# Warmest Winter Tall Boots



## arrowattack09 (Jul 10, 2012)

I am looking for recommendations on winter tall boots. Any price range is fine- my main concern is that my feet are warm. Thank you for all suggestions!
_Posted via Mobile Device_


----------



## boots (Jan 16, 2012)

A friend got a pair of insulated boots by Dublin that she is liking this winter. She got the Dublin River Plaid boots. But, still, if it is below zero and she has several to ride she says she will put on the battery heated socks. We all do.
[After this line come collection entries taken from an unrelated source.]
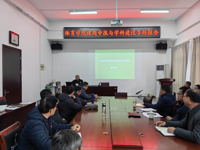 12月25日,安徽师范大学席玉宝教授应邀为我校体育学院师生作题为《课题申报与学科建设专题报告》的学术报告。报告会在风雨操场二楼体育学院会议室举行。学院近80名师生参加活动。学院党总支书记窦卉平主持报告会。
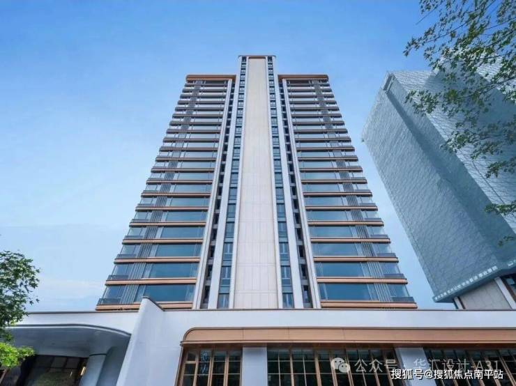 建筑立面精工雕琢,横向香槟金铝板采用整板锻造工艺,窗洞周边配以精致线脚肌理,强化立面韵律感。玻璃采用整幅开启设计,以化整为零手法对窗间墙进行玻璃一体化覆面处理,弱化实体界面。飘窗格栅提升工艺精度,并融入项目LOGO符号化设计,使建筑横向线条舒展流畅,整体质感柔和精致、现代大气。
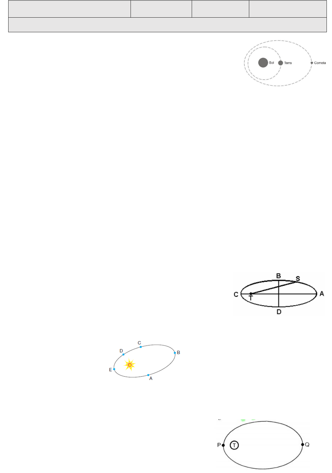 Escola: Padre Carlos Casavecchia Disciplina: Física Bimestre: 2º Ano/Série: 1º Série EM Professor: Adicleison Vela da Silva EXERCÍCIOS LEIS DE KEPLER 1º) (UFSM) Os avanços nas técnicas observacionais têm permitido aos astrônomos rastrear um número crescente de objetos celestes que orbitam o Sol. A figura mostra, em escala arbitrária, as órbitas da Terra e de um cometa (os tamanhos dos corpos não estão em escala). Com base na figura, analise as afirmações: I. Dada a grande diferença entre as massas do Sol e do cometa, a atração gravitacional exercida pelo cometa sobre o Sol é muito menor que a atração exercida pelo Sol sobre o cometa. II. O módulo da velocidade do cometa é constante em todos os pontos da órbita. III. O período de translação do cometa é maior que um ano terrestre. Está(ão) correta(s): a) apenas I b) apenas III c) apenas I e II d) apenas II e III e) I, II e III 2º) Com base nos seus conhecimentos acerca da Primeira Lei de Kepler, assinale a alternativa correta. a) A velocidade de translação de um planeta que orbita o Sol é sempre constante ao longo da órbita. b) A razão entre o quadrado do período orbital dos planetas que orbitam a mesma estrela e o cubo do raio médio de suas órbitas é constante. c) A órbita dos planetas em torno do Sol é elíptica e tem o Sol em um de seus focos. d) A linha imaginária que liga a Terra até o Sol varre áreas iguais em períodos iguais. e) A velocidade de translação dos planetas depende da distância em que o planeta se encontra do Sol. 3º) De acordo com a Terceira Lei de Kepler, conhecida como lei dos períodos, é falso afirmar que: a) o cubo do raio médio das órbitas é proporcional ao quadrado do período orbital. b) a razão entre o quadrado do período orbital e o cubo do raio médio da órbita terrestre é inversamente proporcional à massa do Sol. c) o quadrado do raio médio das órbitas é proporcional ao cubo do período orbital. d) a razão entre o quadrado do período orbital e o cubo do raio médio da órbita terrestre é inversamente proporcional à constante da gravitação universal. e) todas são falsas. 4º) Um satélite artificial S descreve uma órbita elíptica em torno da Terra, sendo que a Terra está no foco, conforme a figura adiante. Indique a alternativa correta: a) A velocidade do satélite é sempre constante. b) A velocidade do satélite cresce à medida que o satélite caminha ao longo da curva ABC. c) A velocidade do ponto B é máxima. d) A velocidade do ponto D é mínima. e) A velocidade tangencial do satélite é sempre nula 5º) (UFSE) Na figura, que representa esquematicamente o movimento de um planeta em torno do Sol, a velocidade do planeta é maior em: a) A b) B c) C d) D e) E 6º) Um satélite artificial move-se em torno da Terra T, numa órbita elíptica estacionária, como mostra a figura abaixo. Qual das alternativas apresenta uma opção correta, sendo as grandezas vetoriais envolvidas consideradas em módulo? a) O peso do satélite em P é o mesmo que em Q e diferente de zero b) O peso do satélite em P e em Q é zero c) A aceleração do satélite em P é maior do que em Q d) A aceleração do satélite em P é menor do que em Q e) A energia cinética do satélite em P é a mesma que em Q image1.jpeg image2.png image3.png image4.png
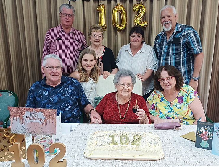 Murgon resident Gladys Birch celebrated her 102nd birthday on October 5 with a special morning tea at Southern Cross Care’s Castra aged care home.
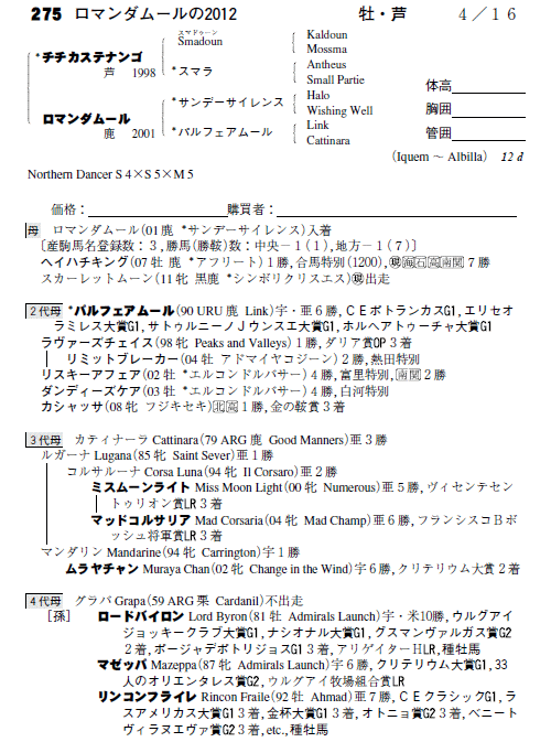 父:チチカステナンゴ 母:ロマンダムール(母父:サンデーサイレンス)
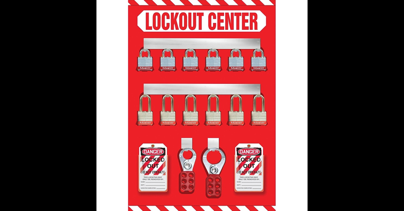 Accuform Signs Lockout Store Board with kit is designed for tough environments and has thick molded construction for durability. Kit contains 12 steel padlocks, 0. 75" shackle, 50 HS laminate lockout tags, 50 plastic ties. Size: 14"(L) x 14"(W) x 2"(H). Plastic ties, steel padlocks. Lockout/tagout devices are shadowed on the storage center so workers can quickly identify that an item is in use or needs to be returned to the designated storage location. A thick, molded, clear, poly pocket measures 4. 75"(H) x 3. 625"(W) x 2"(D) to hold lockout tags and ties. Designed for tough environments. Warranty: 30 days limited. Lockout Store-Board Kit, 12-Padlock. LOCKOUT CENTER. Lockout/Tagout devices are shadowed on the storage center so workers can quickly identify that an item is in use or needs to be returned to the designated storage location. Durable . 063" thick aluminum board has aluminum pronged hooks to hang padlocks and lockout hasps. Kit includes: 6 - Steel Padlocks (keyed differently), 3/4" shackle; 6 - Steel Padlocks (keyed differently), 1" shackle; 50 - HS-Laminate Lockout Tags; 50 - Plastic Ties; 1 - Standard Scissor Hasp, 1" opening; 1 - Standard Scissor Hasp, 1" opening. ⚠ WARNING: Cancer and Reproductive Harm www. P65Warnings. ca. gov. Accuform Signs Lockout Store Board with kit and 12-padlock has clear poly pockets for holding tags and allows the workers to identify if an item is in use or needs to be returned to the designated storage location.
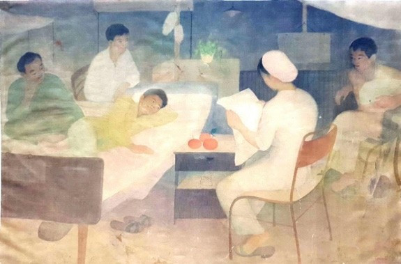 Bức tranh lụa "Đọc báo cho thương binh" của họa sĩ Trần Hữu Tê (1934 - 2002) hoàn thành năm 1975, khắc họa khung cảnh bên trong một lán cứu thương thời chiến. Những chiến sĩ như quên đi sự đau đớn của vết thương khi hướng sự chú ý lắng nghe về phía người nữ quân y đọc tin tức về các mặt trận.
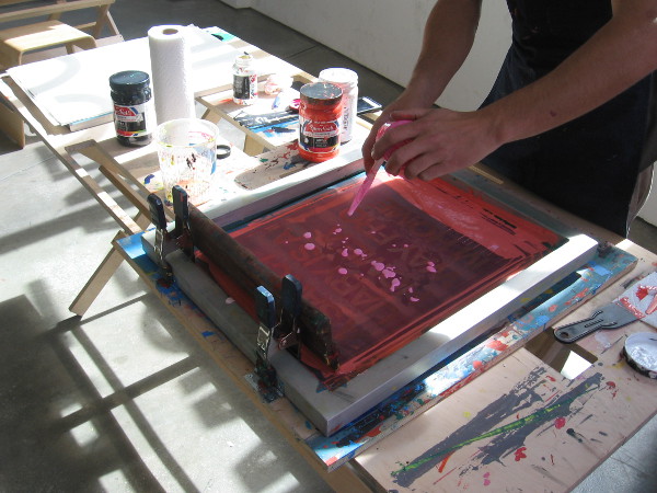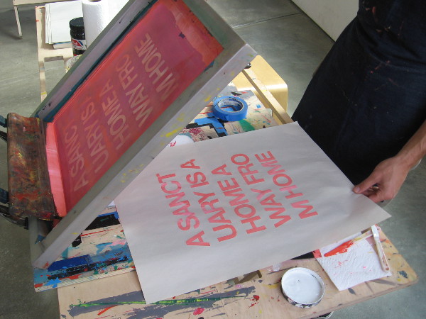 I was welcomed by Max, a super nice Gallery Educator, who was applying ink to a silk screen. He was using screen printing to create bold messages in the Sanctuary Print Shop!

I was looking at their Medway boot with a thinsulate lining.


----------



## waresbear (Jun 18, 2011)

I stay out for about 3 hours in -15c weather, no thick socks just zocks as I always wear. I found winter tall boots under $100, Auken is the brand name, they are for cold weather only, your feet will sweat if it's not super cold out. http://greenhawk.com/wdItemDesc.asp?strilhID=web&strmdNumber=DRB7893&stricSKU=DRB7893


----------



## boots (Jan 16, 2012)

waresbear said:


> I stay out for about 3 hours in -15c weather, no thick socks just zocks as I always wear. I found winter tall boots under $100, Auken is the brand name, they are for cold weather only, your feet will sweat if it's not super cold out. Auken Whistler Winter Tall Boots | DRB7893 | Greenhawk


Interesting! Thanks for telling us about them.


----------



## arrowattack09 (Jul 10, 2012)

Thank you for the suggestions!


----------



## khorses23 (Jan 22, 2015)

either bogs or muckboots (thats the brand). those are the two most common in my area and there very warm!


----------



## ChitChatChet (Sep 9, 2013)

Bogs or Muck boots.

Much boots are cheaper.


----------



## Chaz80 (Sep 29, 2015)

Hi I bought a pair of toggi quest boots and my feet stay nice and warm in them they also keep my legs warm. I paid £90 for them and so far they are fab.and you can also ride in them so you don't have to change bootsand they have stretchy calves which I had problems finding long yard boots to fit but these are great and waterproof!


----------



## Jan1975 (Sep 7, 2015)

So far, I've been just fine with regular boots + smart wool socks. Granted it hasn't dropped into the single digits yet!


----------



## Allison Finch (Oct 21, 2009)

One thing I look for is a boot that is warm, but still able to fit SAFELY in a stirrup. Too much "tread" on the sole might increase the danger of hanging up in the etirrup.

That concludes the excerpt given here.